Yo-Kai Watch - Review  

"Feelin' fine." Well, That's a Relief
by Sam Wachter

20-40 Hours
+ Great visuals
+ Cheeky, pun-filled writing
+ Fun battle system...
- ...That gets very repetitive
- Very stupid run mechanic
- Terrible recruitment system
Click here for scoring definitions 

   Level-5 is a very unique developer. It comes up with these absolutely crazy ideas and makes them into delightful gaming experiences. As a company, however, it has yet to create a game that I've been completely enamored with, and I was hoping with Yo-Kai Watch that it would change my opinion with a shake-up of the monster-capturing genre.
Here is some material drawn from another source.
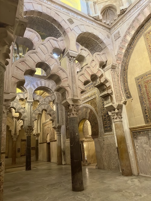 En ole koskaan aikaisemmin käynyt moskeijassa ja nyt kun talvella 2024 Cordoban suuressa moskeijassa vierailin, otin tietysti etukäteen vähän selvää millaisia paikkoja moskeijat ovat. Siitä avautuikin ihan uusi maailma, termeineen ja tapoineen. Cordoban moskeija-katedraalissa on onneksi säilynyt sen tärkein islaminuskoon liittyvä alue kristinuskon elementeiltä, eli edelleen voi aistia millainen islamilainen palvontapaikka moskeija on ollut, vaikka paikka virallisesti onkin katollinen katedraali. Katedraaliosasta kirjoitin postaukseen no1. Linkki tässä.

It's hard not to compare Yo-Kai Watch to Pokémon, and while it doesn't mimic the series entirely, the similarities are obvious. For all the good that exists in Yo-Kai Watch, there's some bad too. The question is, do the positives outweigh the negatives?

   Yo-Kai Watch begins with a young boy named Nate (or a girl named Katie if the player selects a female avatar), who stumbles upon an old capsule machine next to a sacred tree behind his school. It is here that a capsule toy pops out of the machine bearing a Yo-Kai named Whisper, a friendly Casper-esque ghost. Making new Yo-Kai friends along the way, Nate and Whisper battle some nefarious Yo-Kai in an attempt to beat the power of friendship into them.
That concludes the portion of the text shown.